TASK OBJECTIVE: Please take the lines from the one holding "Wolf here: Shares" through the one holding "Posted August 15, 2025The" in the data below and copy them exactly.

INPUT FOR THIS TASK:
=== Begin Enclosure ===
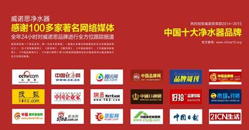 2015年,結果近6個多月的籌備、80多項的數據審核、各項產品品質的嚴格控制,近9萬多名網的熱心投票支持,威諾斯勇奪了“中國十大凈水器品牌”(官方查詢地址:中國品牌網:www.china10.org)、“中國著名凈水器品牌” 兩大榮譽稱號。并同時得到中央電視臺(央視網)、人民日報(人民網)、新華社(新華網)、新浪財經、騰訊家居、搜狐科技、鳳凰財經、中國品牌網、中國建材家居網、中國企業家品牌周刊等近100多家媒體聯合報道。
=== End Enclosure ===
=== Begin Enclosure ===
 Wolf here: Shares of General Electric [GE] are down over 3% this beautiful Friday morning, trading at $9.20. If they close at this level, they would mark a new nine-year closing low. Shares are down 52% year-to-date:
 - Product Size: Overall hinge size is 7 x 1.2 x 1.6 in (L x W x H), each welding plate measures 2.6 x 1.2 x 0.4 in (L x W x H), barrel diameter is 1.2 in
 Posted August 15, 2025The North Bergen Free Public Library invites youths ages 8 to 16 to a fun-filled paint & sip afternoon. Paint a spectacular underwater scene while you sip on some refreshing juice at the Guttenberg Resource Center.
=== End Enclosure ===
ANSWER SECTION:
 Wolf here: Shares of General Electric [GE] are down over 3% this beautiful Friday morning, trading at $9.20. If they close at this level, they would mark a new nine-year closing low. Shares are down 52% year-to-date:
 - Product Size: Overall hinge size is 7 x 1.2 x 1.6 in (L x W x H), each welding plate measures 2.6 x 1.2 x 0.4 in (L x W x H), barrel diameter is 1.2 in
 Posted August 15, 2025The North Bergen Free Public Library invites youths ages 8 to 16 to a fun-filled paint & sip afternoon. Paint a spectacular underwater scene while you sip on some refreshing juice at the Guttenberg Resource Center.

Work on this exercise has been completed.